Why is no decision taken? It is because the buyers themselves are confused by complicated purchasing processes, internal politics, uncertainty of available choices and general risk aversion within an organisation. This leads to the second key concept:
Extend your pipeline far beyond the traditional point of initial sales contact
Connecting early in the needs identification process and often even before your product or service has been considered is essential. You must think not only of the buyer’s needs but also their wants, and most importantly subtle things such as emotions and personal goals more than the features, pricing and closing tactics of your offering.
It is by facilitating the buyer in guiding them through the process that your pipeline becomes one and the same as the buyer’s experience. That way, buyers buy because your solution solves their needs. Unless a buyer can come up with their own answers for all the disruption to an organisation’s embedded systems, traditions and culture that a new identified need brings (i.e. a sale, viewed from the other side), the decision is often simply a no decision. But when a decision to buy is made, make sure it is from you and help to mend your leaky pipeline by being the one who empathises best with the buyer’s experience.
The buyer’s experience model
To put it simply, a buying decision is much more that a choice of product or service from competing suppliers. If viewed as that, your chances of winning the deal are already typically lower than 20%. If responding to a written request for proposal and with no previous relationship, probably even much lower than that again. Not odds worth taking a quick gamble on, never mind funding a full time sales team with all the associated costs. But once you have switched on to the buyer experience model, the traditional sales tactics only come in to play at the very end, often after the key decision to buy has been made. Then facilitation of a buyer’s needs and turning it into a sale is relatively easy.
Price is only an issue if the buyer can’t decide between two equivalent things, and in fact is not the key criterion for a sale by any means.
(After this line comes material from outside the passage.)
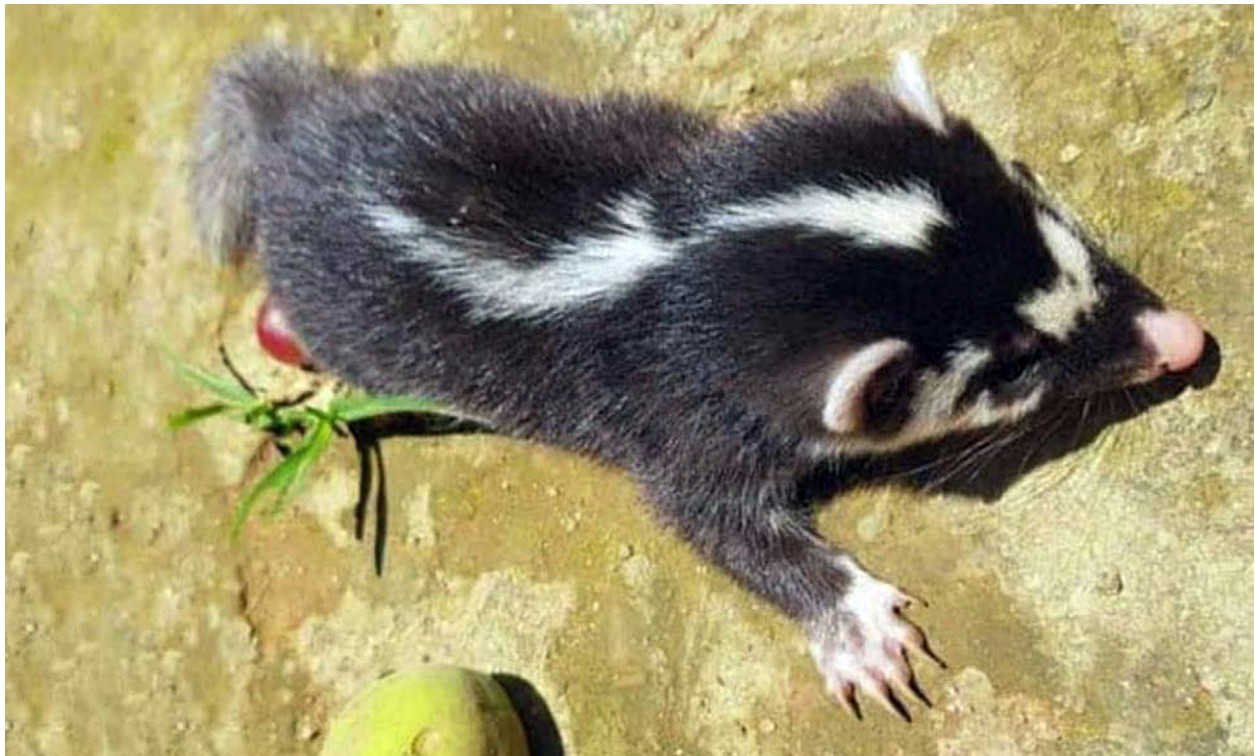
Figure 2. Melogale personata in Waling, Syangja District, Nepal.

If the pipeline process has been extended back far enough in the buyer’s process, it will be hugely more successful, and things such a price and detailed product features comparisons are far less important.
The goal is to get your spanners, nuts and bolts out and get your pipeline built right back into the early stages of a change process, long before it is clear that a tender or request for proposal will be made. Forget about selling, think about facilitating the buyer’s decision process. Many of these things have little to do with your product or service and can cover a diverse range of issues, mostly internal and sometimes quite specific to individual buyers. You can then drop the number of prospects to chase, as the leaks will be getting fixed by this attitude shift alone.
If you don’t extend your pipeline you are trying to catch, or tap into, an existing flow. Pipeline or funnel, call it what you will, but as in the real world example of trying to catch fluid in mid-flow, it is tricky, messy and a very leaky operation indeed. Pipelines do not work well when they are too short and far away from the source!
Hence the simple conclusion is that you need to focus on buyer experience. I now think that the time is right to talk about buyer experience and allow an improvement in your sales effectiveness, paradoxically not by thinking of it as sales but as buyer experience improvement. When we say buyer experience we mean not simply as that of the contact with your company, but the whole experience of making a decision about buying. The difference in thinking produces remarkable results!